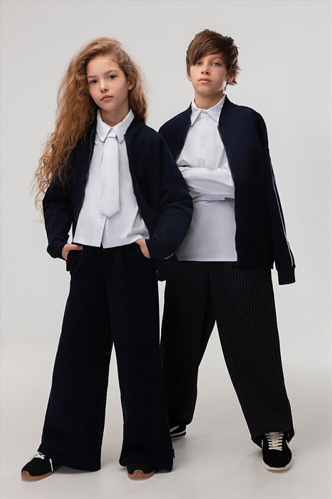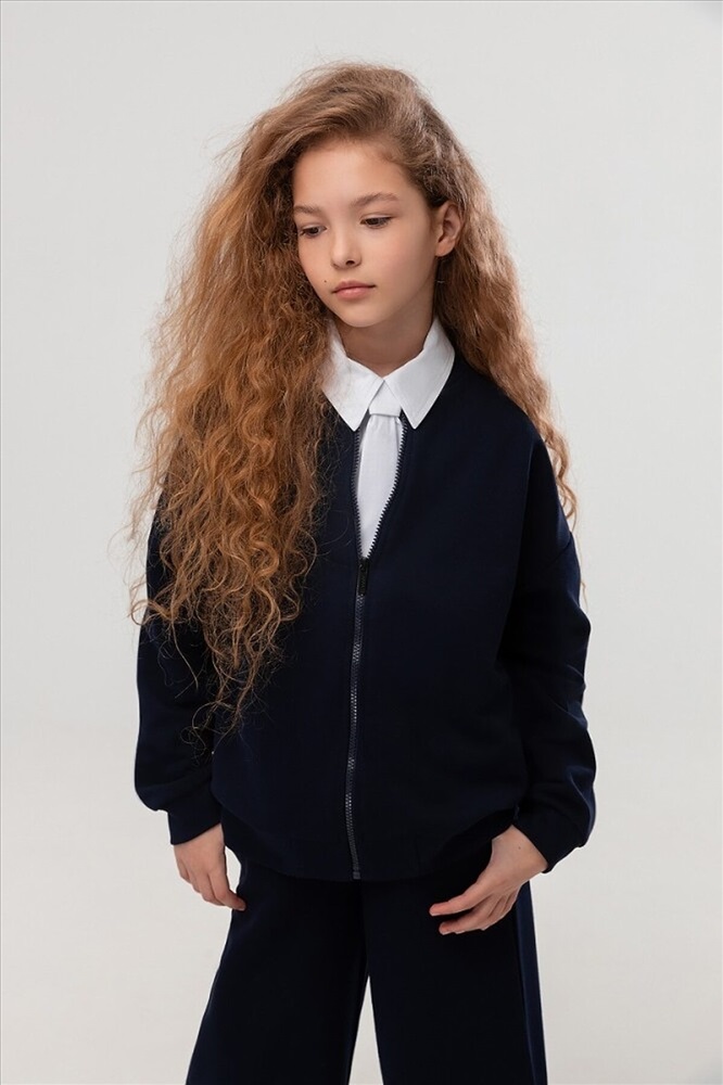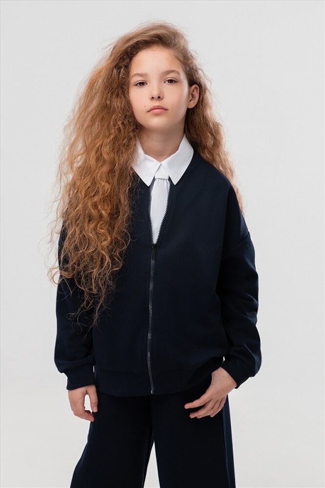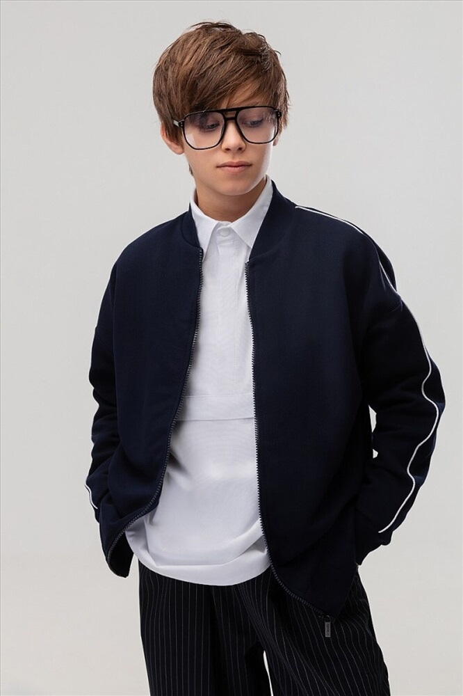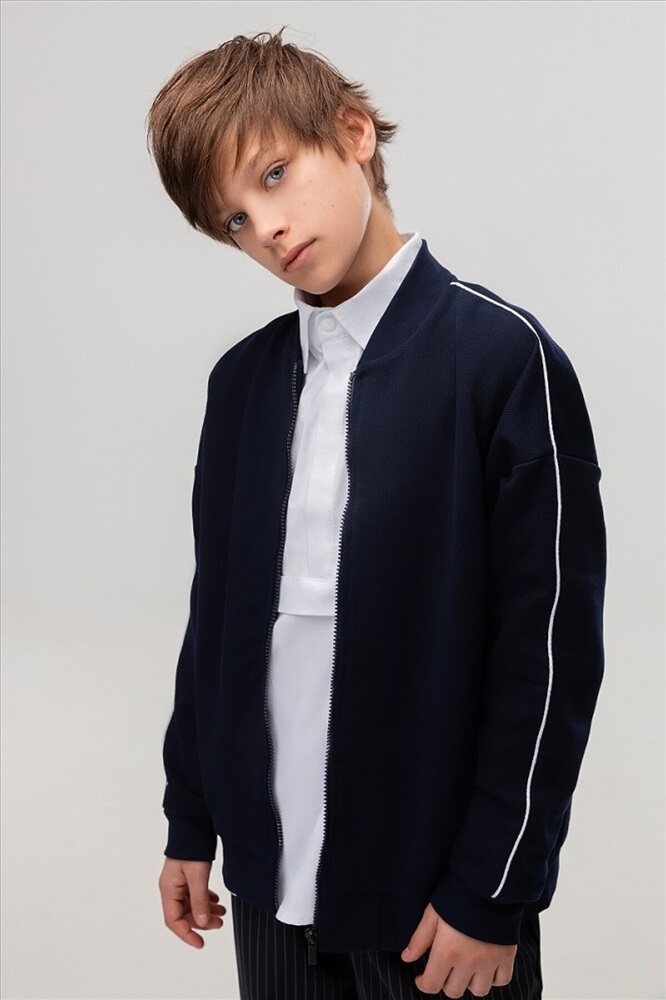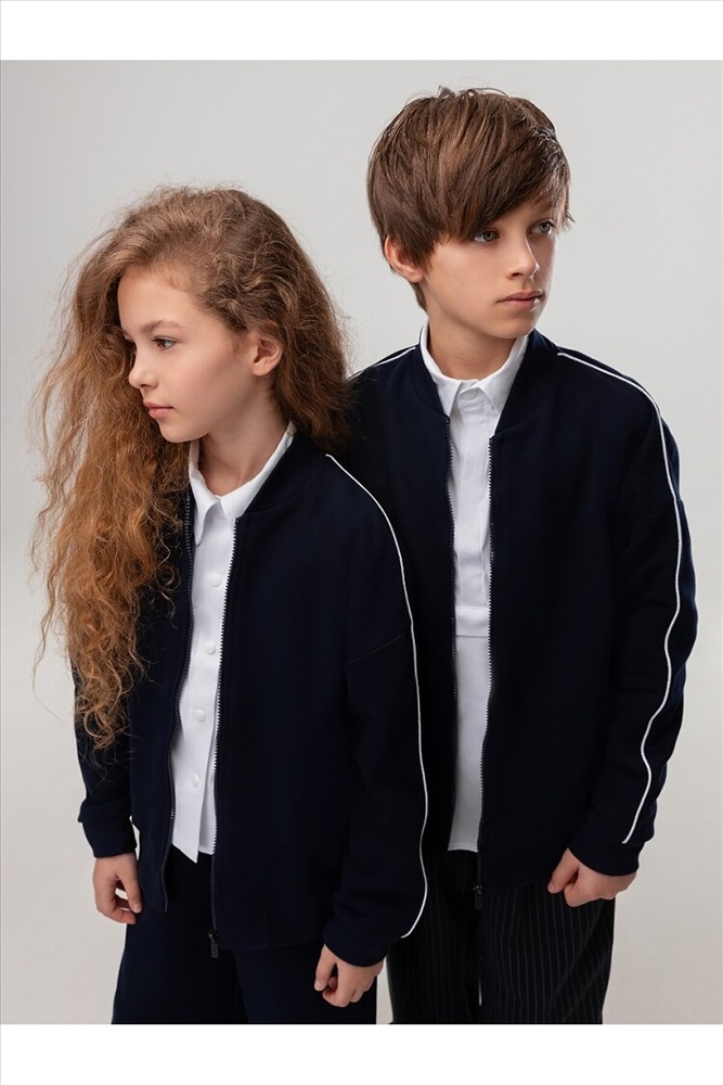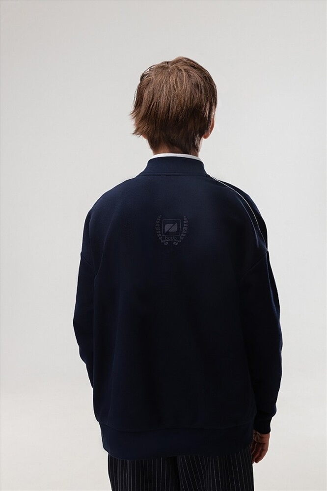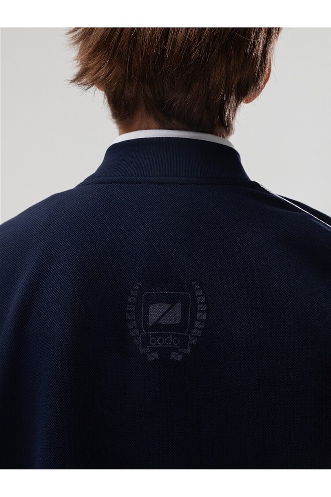 Толстовка из материала пике на молнии, без карманов. По шву атласный белый кант, на левой стороне брендированный принт герба.
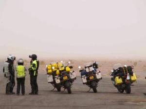 Heel slecht nieuws!!! Vering van Ludo is dus toch stuk, weer een grote plek olie onder moto. Hij kan er wel op rijden maar de vering dempt niet meer. Bijgevolg gaat hij de hele tijd op en neer en na een kuil deint hij nog meters verder na. Zijn maag slaat er van om.
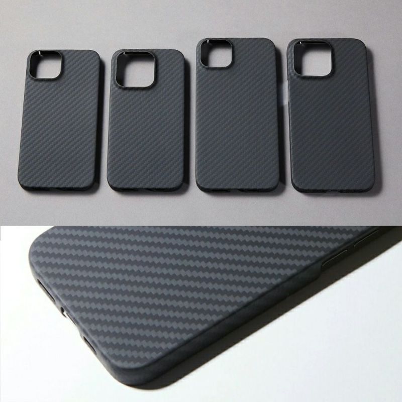 アラミドの原反で厚さ0.3mmの生地を2枚合わせてから丁寧に成形されたケースは、ドライカーボンファイバーとほぼ同じ工法で製造されています。全周囲を可能な限り保護するカットデザインでiPhoneをしっかりとガードします。

**Task to carry out**. Retype the data above in full, exactly as it stands, and skip any image.

**Written reply**.
 Толстовка из материала пике на молнии, без карманов. По шву атласный белый кант, на левой стороне брендированный принт герба.
 Heel slecht nieuws!!! Vering van Ludo is dus toch stuk, weer een grote plek olie onder moto. Hij kan er wel op rijden maar de vering dempt niet meer. Bijgevolg gaat hij de hele tijd op en neer en na een kuil deint hij nog meters verder na. Zijn maag slaat er van om.
 アラミドの原反で厚さ0.3mmの生地を2枚合わせてから丁寧に成形されたケースは、ドライカーボンファイバーとほぼ同じ工法で製造されています。全周囲を可能な限り保護するカットデザインでiPhoneをしっかりとガードします。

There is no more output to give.